Прот.Сергий Булгаков (1871-1944)
по случаю столетия со дня рождения

Редакционная статья из журнала "ПРАВОСЛАВНАЯ МЫСЛЬ"
ТРУДЫ ПРАВОСЛАВНОГО БОГОСЛОВСКОГО ИНСТИТУТА В ПАРИЖЕ
Выпуск №14

Издательство YMCA-PRESS,  Париж, 1971


Свято-Сергиевская Духовная Академия  в Париже посветила в своё время (в 1950 г.) особый том VIII своего печатного органа "Православная мысль" личности  и творчеству о. Сергия Булгакова, бессменного декана академии со времени ее основания .Эти статьи содержат воспоминания и оценки главных коллег о. Сергия, принадлежащих ещё к славной плеяде профессоров высших духовных и университетских школ дореволюционной России. Ближайший ученик о. Сергия, профессор Л.Зандер, составил двухтомный разбор, начатый ещё при жизни о. Сергия и им же проверенный, всего богословского наследия своего учителя под названием "Бог и Мир" (Париж, 1948 г.)   

 В настоящем выпуске, являющемся очередным сборником статей наличного профессорского состава — профессора и лекторы младшего поколения Парижской духовной академии хотят воспользоваться случаем совпадения данного издания со столетием со дня рождения незабвенного учителя, чтобы выразить чувство благодарности к нему за все от него полученное в годы пребывания в Академии под его руководством и преданности его духовному завещанию — подвигу свободного и творческого богословствования, служения Церкви и неустанного литургического и молитвенного порыва.

В краткой декларативной форме, от имени всей профессорской коллегии, мы хотим в свою очередь засвидетельствовать актуальность жизненного пути и богословского наследия нашего учителя.

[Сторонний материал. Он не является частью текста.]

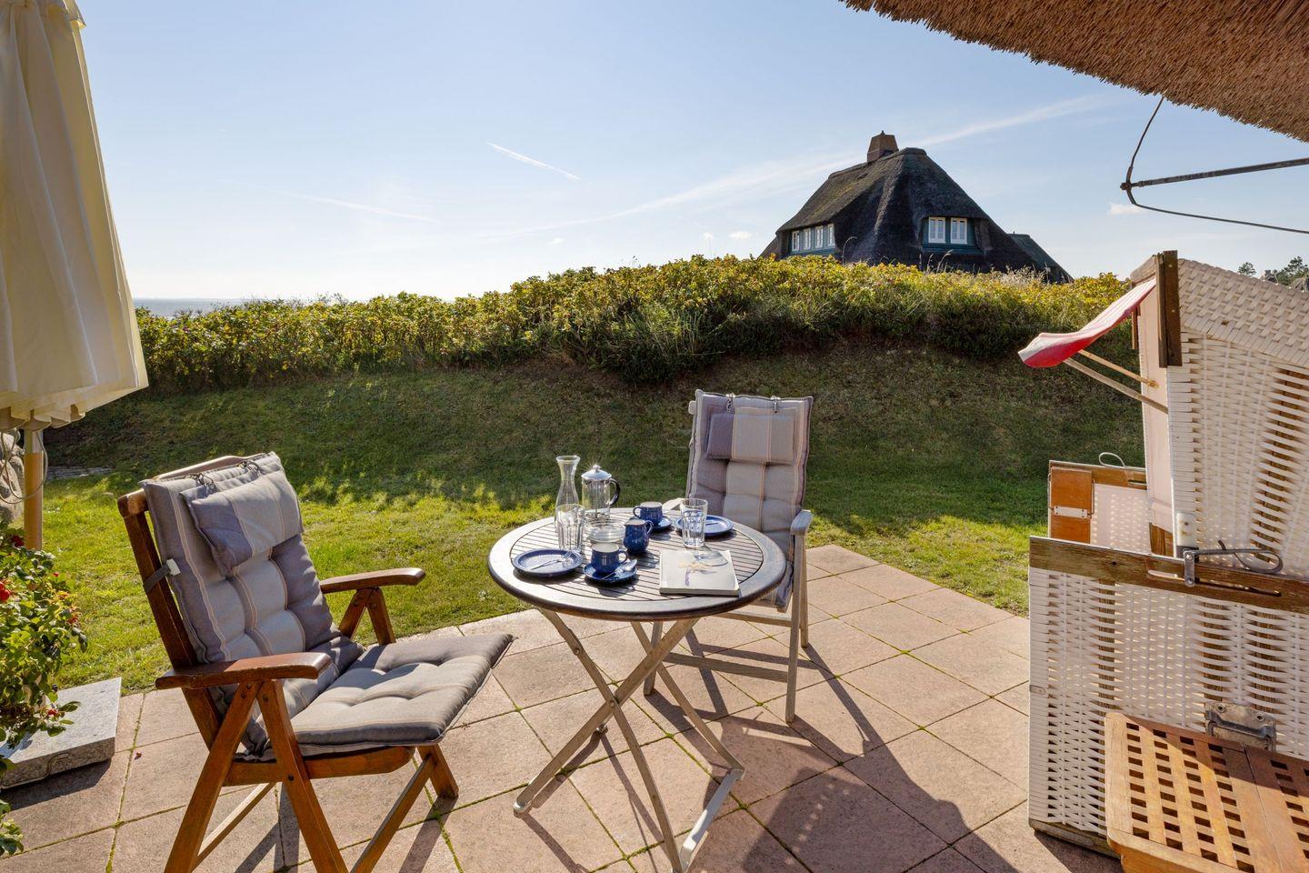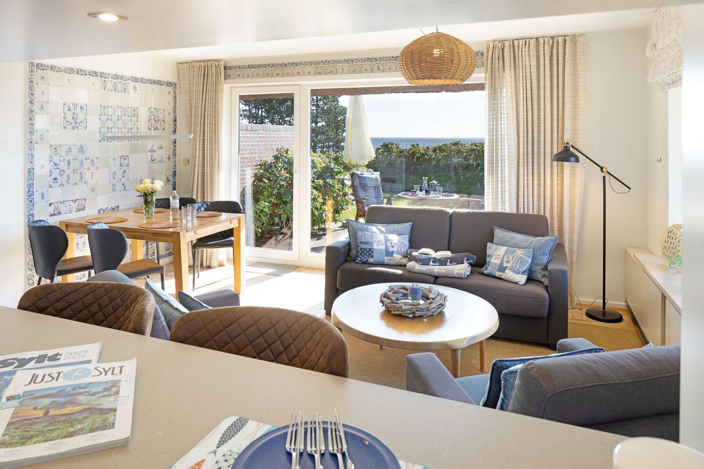Über die Terrassentür im Wohnbereich kommen Sie in den Garten mit Meerblick.
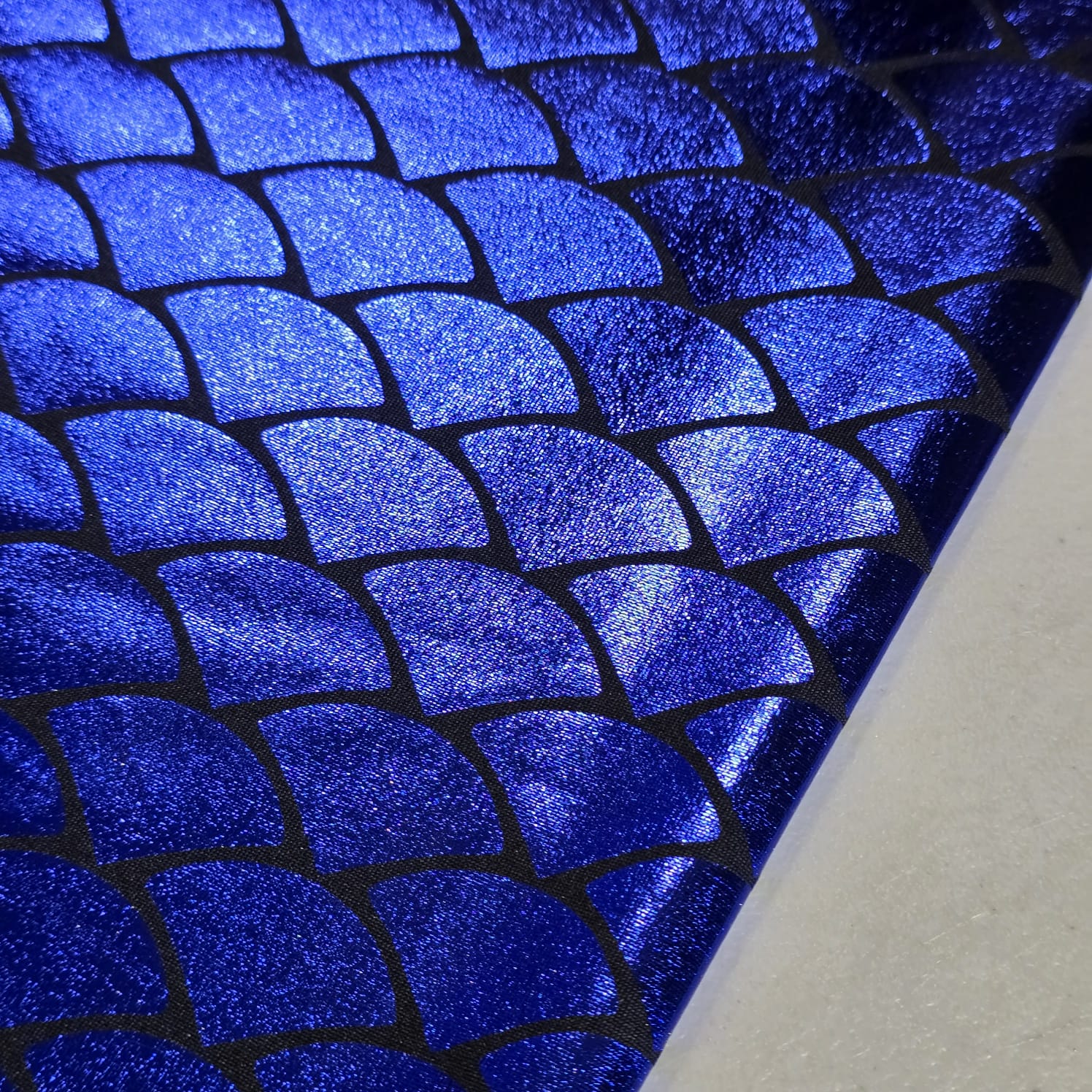 Royal Blue Metallic Mermaid Scale ITY Stretch Foil Reptile Snake Skin Dance Costume Fabric 58" By The Meter

Отец Сергий Булгаков испытал горький опыт безвыходности неверия. Сын священника, он ушел из Церкви еще в гимназические годы и вернулся к вере будучи уже профессором политической экономии марксистского направления высшего учебного заведения. Этот длительный период неверия о. Сергий вспоминал покаянно, со скорбью, в отличие, например, от Н. А. Бердяева, тоже вернувшегося от безбожного марксизма к вере, но который включал свое обращение в диалектику своего и чуть не всякого духовного пути. Как бы то ни было, тему возврата от атеизма в Отчий дом нельзя не признать актуальной, и преодоление безбожного марксизма плеядой русских мыслителей на рубеже XX века является событием бесспорно пророческим. Путь этого преодоления ознаменован сборниками «От марксизма к идеализму», «Вехи» и «Из глубины» — De profundis, в которых принимал участие и о. Сергий Булгаков.

Одно несомненно: обращение к вере как откровение небесной действительности является условием подлинного христианства, ибо, по выражению древнего учителя, «христианами не рождаются, а становятся». Этот творческий акт духовной жизни может произойти через временное, видимое отступление от веры или же, минуя эту крайность, он может выразить исход внутренней брани с грехом в пределах самой веры, но так или иначе христианство есть по существу опыт освобождения и обновления, откровение радикальной новизны духовной жизни, объективно связанное с соборной ответственностью за свою вечную судьбу и с включением себя в живое строительство Церкви.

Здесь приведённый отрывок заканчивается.